◆ **Task goal**: Pictures in the entries below are excluded; copy only the lines from the one containing "UGRT-007 is a" to the one containing "Brighten up your", both included.

Information given START

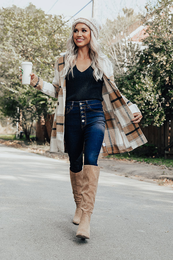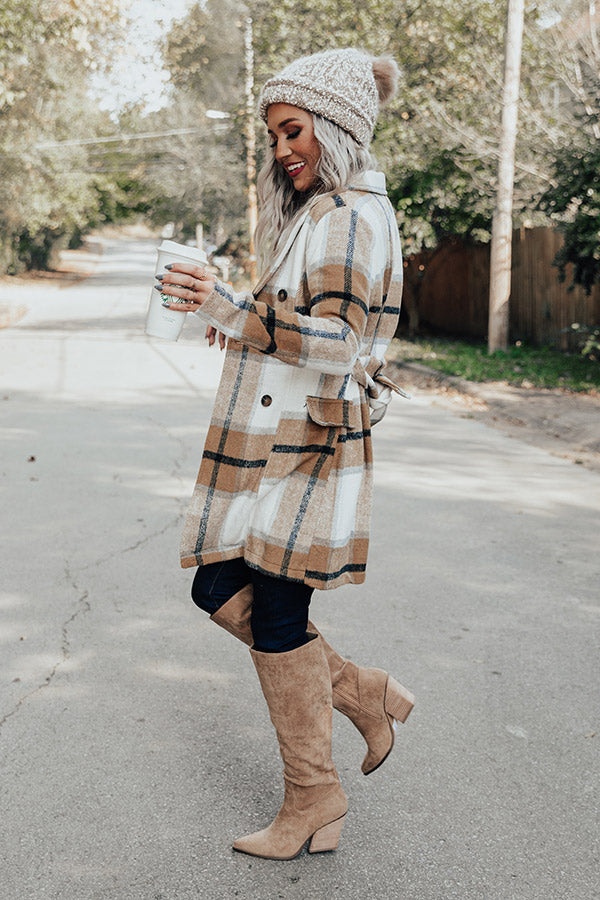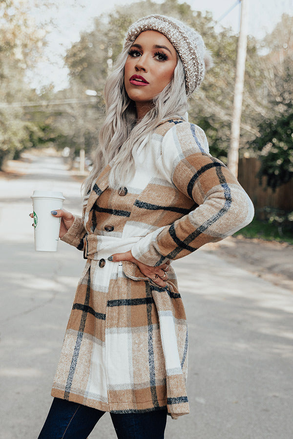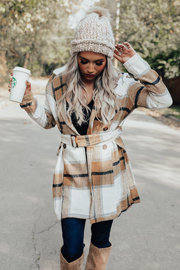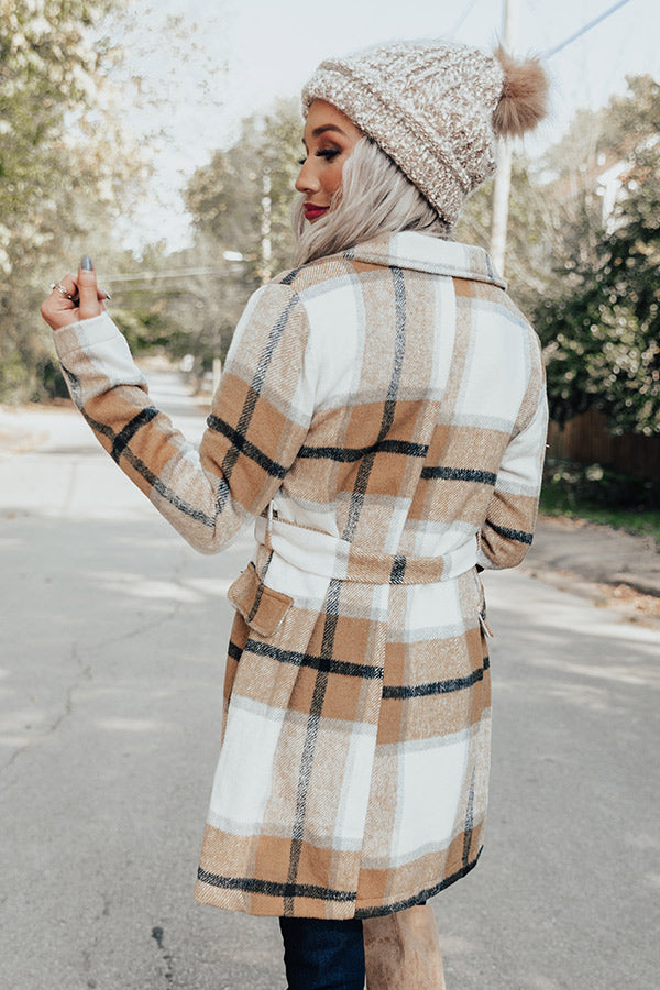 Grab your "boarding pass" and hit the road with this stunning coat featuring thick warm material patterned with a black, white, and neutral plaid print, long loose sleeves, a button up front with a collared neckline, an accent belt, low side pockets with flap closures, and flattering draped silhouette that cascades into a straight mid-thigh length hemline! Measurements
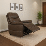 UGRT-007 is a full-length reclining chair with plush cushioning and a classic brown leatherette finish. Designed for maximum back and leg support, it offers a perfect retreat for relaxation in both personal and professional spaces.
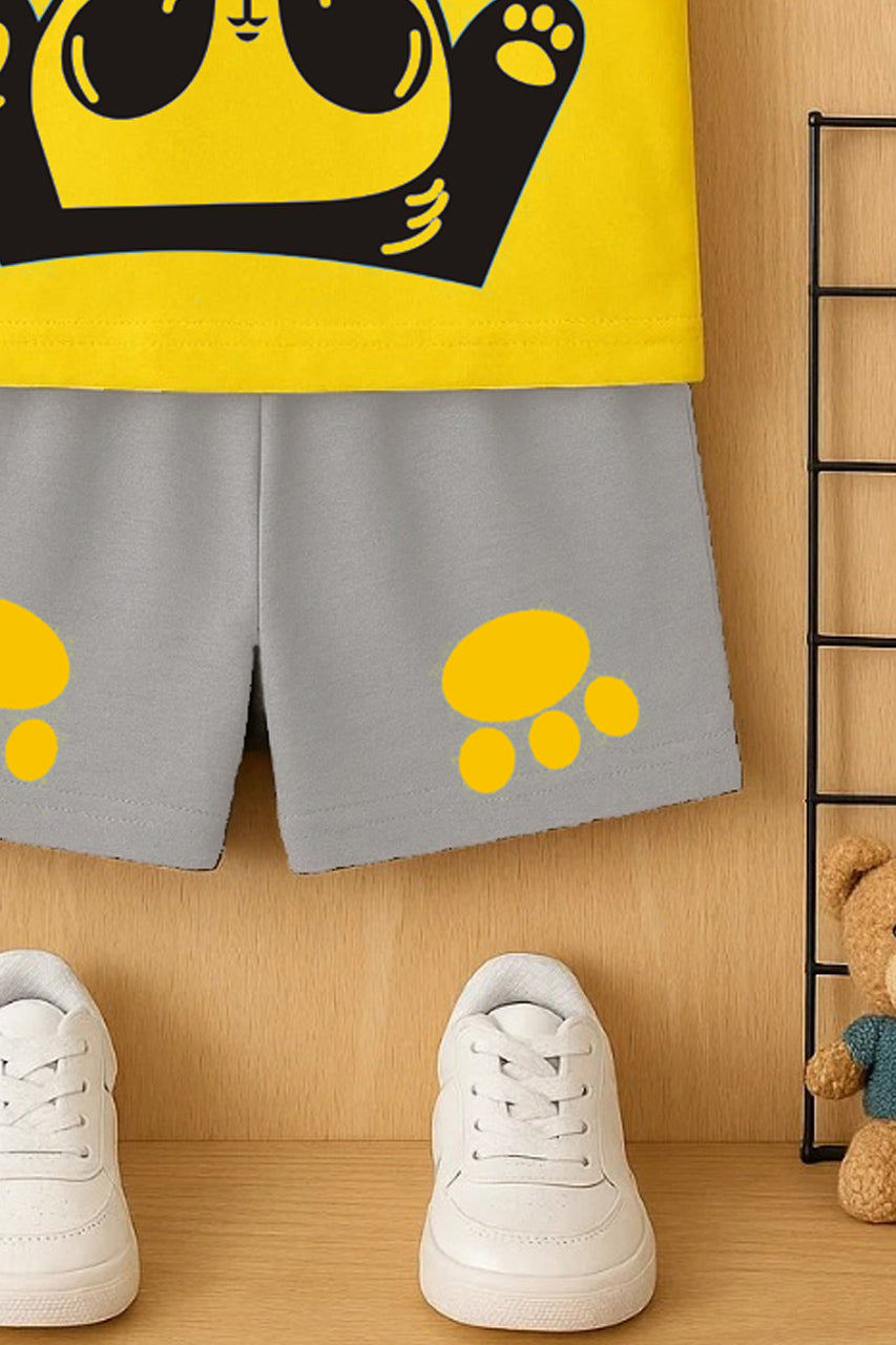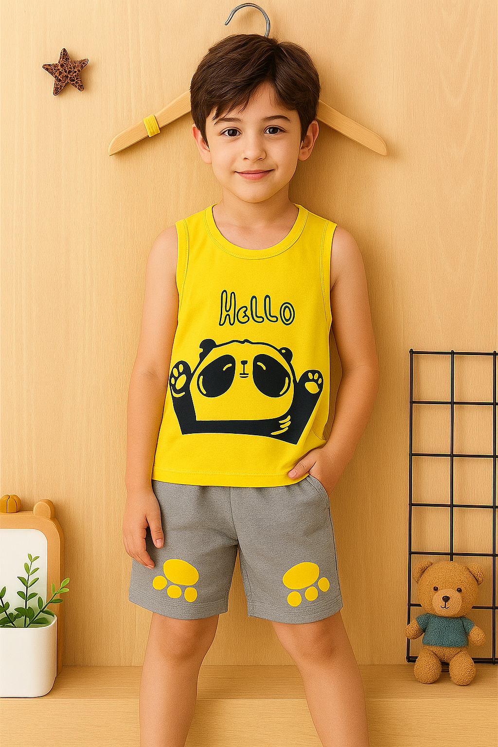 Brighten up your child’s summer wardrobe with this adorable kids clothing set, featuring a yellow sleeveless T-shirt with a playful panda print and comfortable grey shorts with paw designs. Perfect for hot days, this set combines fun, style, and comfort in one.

Information given END
Information given START

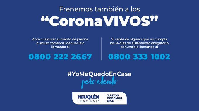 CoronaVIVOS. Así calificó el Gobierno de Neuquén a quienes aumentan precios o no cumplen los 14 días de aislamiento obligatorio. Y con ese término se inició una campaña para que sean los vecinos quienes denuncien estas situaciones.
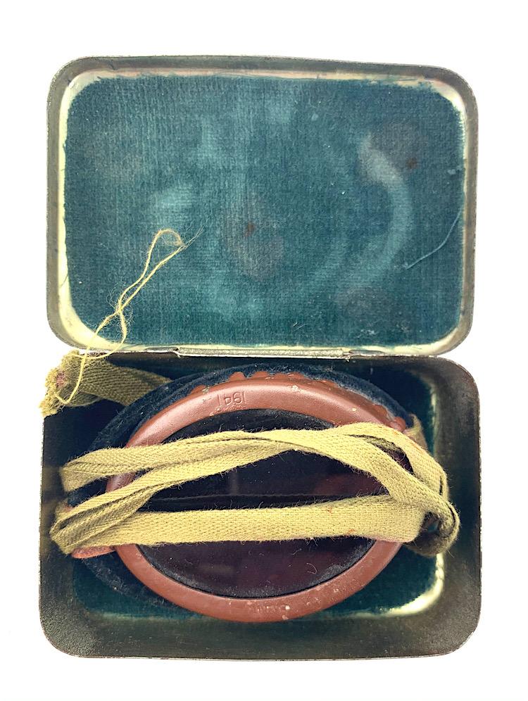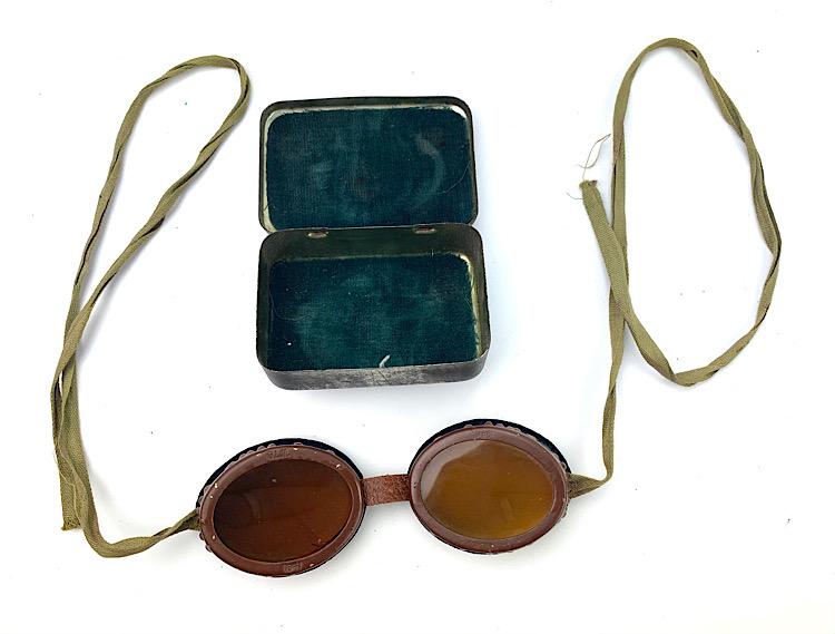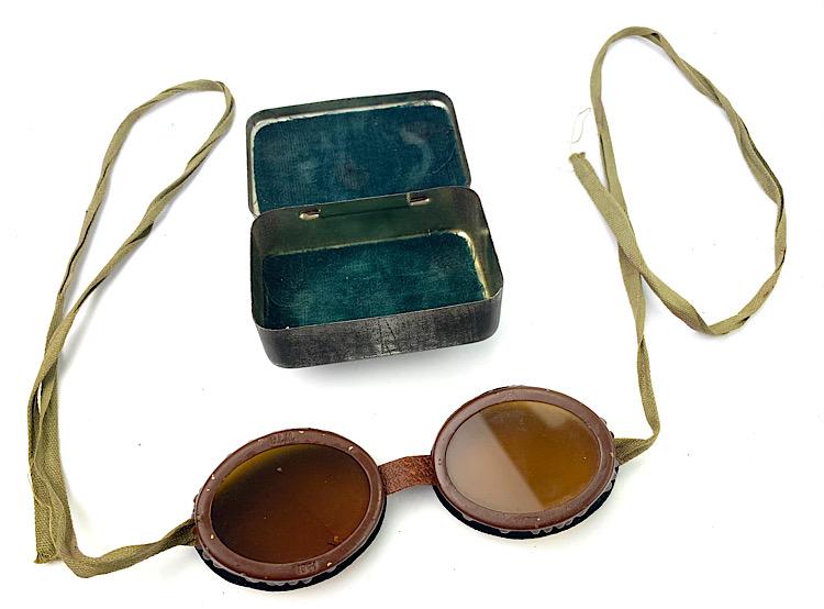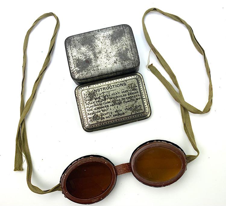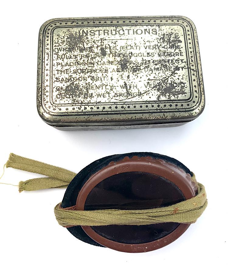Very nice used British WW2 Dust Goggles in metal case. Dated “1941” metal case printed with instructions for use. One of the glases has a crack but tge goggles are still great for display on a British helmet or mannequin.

Information given END

◆ **Task solution**:
 UGRT-007 is a full-length reclining chair with plush cushioning and a classic brown leatherette finish. Designed for maximum back and leg support, it offers a perfect retreat for relaxation in both personal and professional spaces.
 Brighten up your child’s summer wardrobe with this adorable kids clothing set, featuring a yellow sleeveless T-shirt with a playful panda print and comfortable grey shorts with paw designs. Perfect for hot days, this set combines fun, style, and comfort in one.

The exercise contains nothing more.